A recipient of an NSF CAREER award, Dr. Çatalyürek is the primary investigator of several awards from the Department of Energy, the National Institute of Health, and the National Science Foundation. He has co-authored more than 200 peer-reviewed articles, invited book chapters and papers. His main research areas are in parallel computing, combinatorial scientific computing and biomedical informatics.
Tuo Zhao is an assistant professor in the H. Milton Stewart School of Industrial and Systems Engineering and the school of Computational Science and Engineering (By Courtesy) at Georgia Tech.
His research focuses on developing principled methodologies, nonconvex optimization algorithms and practical theories for machine learning (especially deep learning). He is also interested in natural language processing and actively contributing to open source software development for scientific computing.
Tuo Zhao received his Ph.D. degree in Computer Science at Johns Hopkins University in 2016. He was a visiting scholar in the Department of Biostatistics at Johns Hopkins Bloomberg School of Public Health from 2010 to 2012, and the Department of Operations Research and Financial Engineering at Princeton University from 2014 to 2016.
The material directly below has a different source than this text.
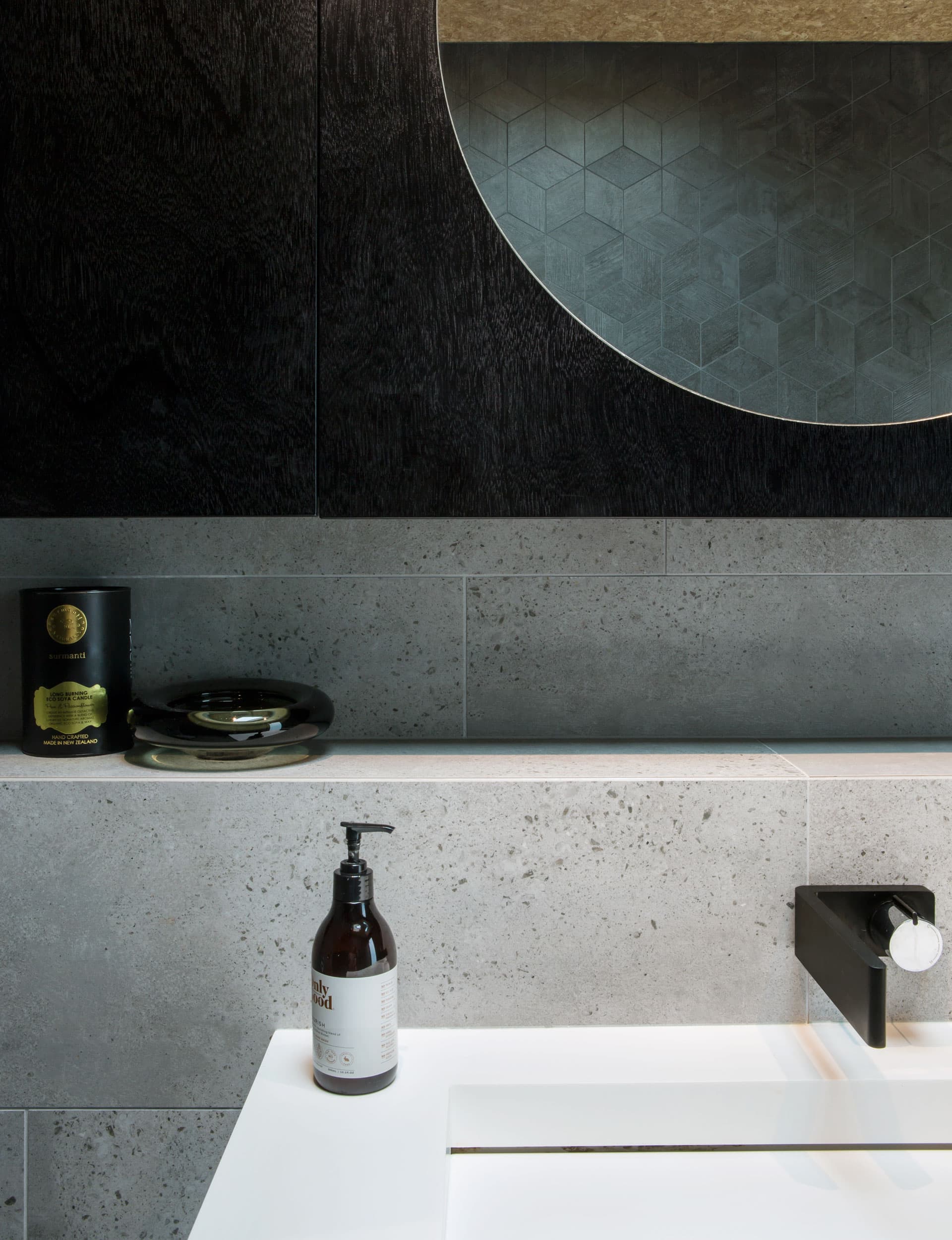 What’s with the black? “Goths,” shrug Flack and Wilkinson in unison. Dorrington: “It’s just nicer, the blackened timber. It’s quite a careful and sophisticated palette. A black kitchen doesn’t look like a kitchen anymore.” And it’s leavened by light. Even on a drizzly day, light billows into this house, sheeting across the biscuit ceiling and porcelain-tiled floor. Everything black is warmed up and textured; foiled by the bush, it hints at ponga trunks, the soft undersides of manuka.
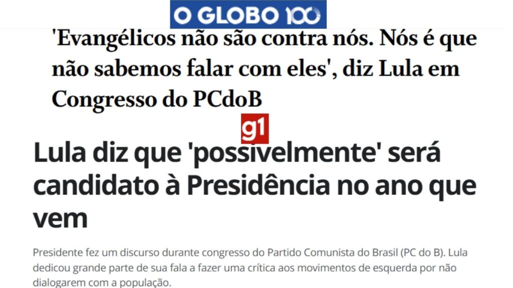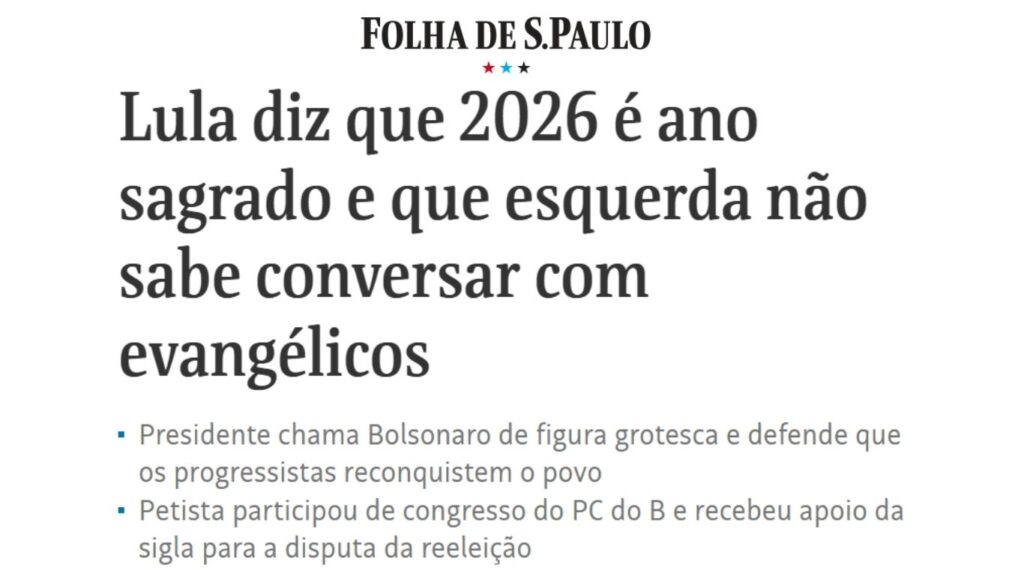 Por sua vez, a Folha de São Paulo deu ênfase ao apoio dos comunistas à reeleição do presidente e ao ‘sagrado’ 2026 como forma de eleger mais parlamentares do campo progressista, bem como indicou passagem em que Lula pede o aperfeiçoamento do diálogo com evangélicos.

He was the core member of the JHU team winning the INDI ADHD 200 global competition on fMRI imaging-based diagnosis classification in 2011. He received the Google summer of code awards from 2011 to 2014. He received the Siebel scholarship in 2014, the Baidu Fellowship in 2015-2016 and Google Faculty Research Award in 2020. He was the co-recipient of the 2016 ASA Best Student Paper Award on Statistical Computing and the 2016 INFORMS SAS Best Paper Award on Data Mining.